The US Department of Justice (DoJ) has launched a criminal investigation into Uber's use of software which helped its drivers track and avoid local transport regulators, it has been reported.
Uber has already come under fire for the secret technology, which used data from Uber to help drivers to "identify and circumvent" transportation officials launching stings to trap Uber drivers.
In a letter written to Ken McGair, deputy city attorney in Portland, Oregon, last month, Uber confirmed the existence of Greyball and said it was designed to protect drivers from users who had violated its terms of service, for example by making physical threats. It added it had used the technology "exceedingly sparingly".
In its report today, Reuters said the DoJ's investigation is still in its early stages. Uber did not comment.
This is the latest in a string of woes for Uber. The company, which is at loggerheads with traditional taxi drivers in almost every country it operates in, has been criticised over its treatment of drivers, and has been at the centre of a sexism scandal.
In March the company closed its operation in Denmark, blaming new regulations which capped the number of licences issued to drivers and forced drivers to fit a taxi meter.

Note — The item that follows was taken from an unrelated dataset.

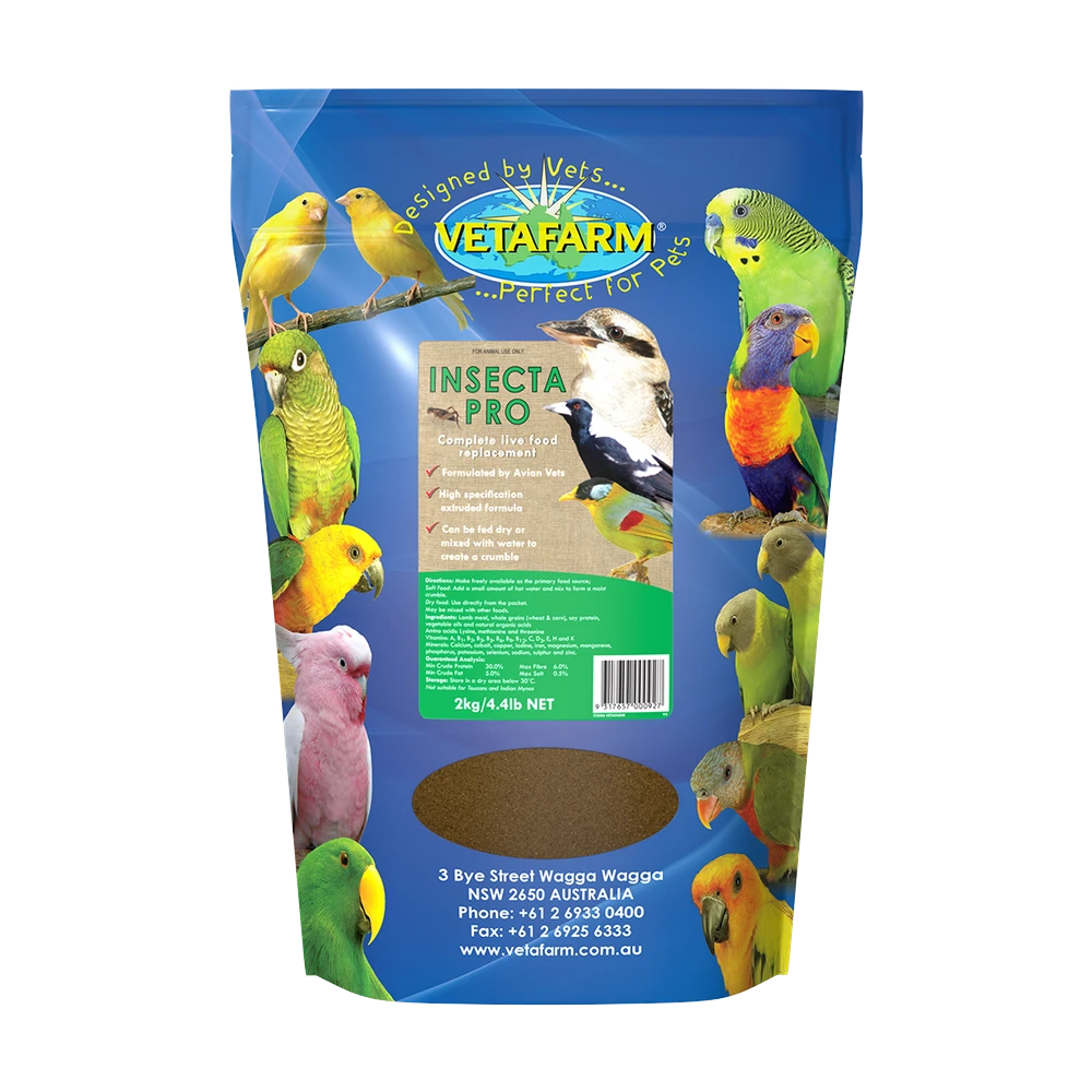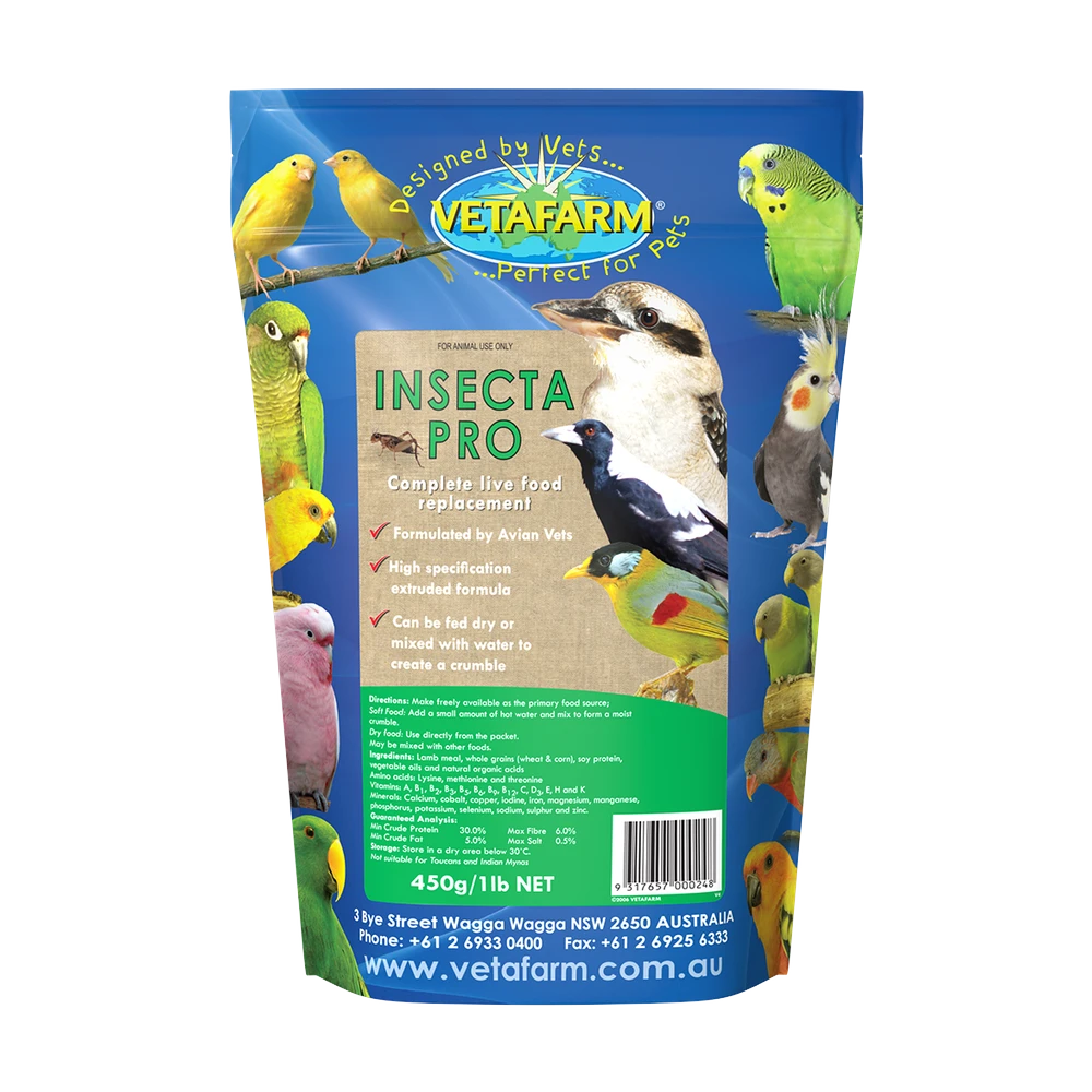 Insectivorous birds require a diet high in fat and protein. Insecta Pro has been formulated by Avian Veterinarians to provide a supplemental feed for all insectivorous birds, including those requiring "live food". This product is extrusion cooked for safety and digestibility, and can be fed dry or mixed with water to create a crumble.

Meanwhile, in February the company faced allegations of sexism after a former engineer published a blog post in which she described being propositioned by a male manager and faced discrimination from its HR team.
During the same month, chief executive Travis Kalanick was forced to apologise after he was filmed having an argument with one of the company's drivers.
“This is the first time I’ve been willing to admit that I need leadership help and I intend to get it,” he wrote.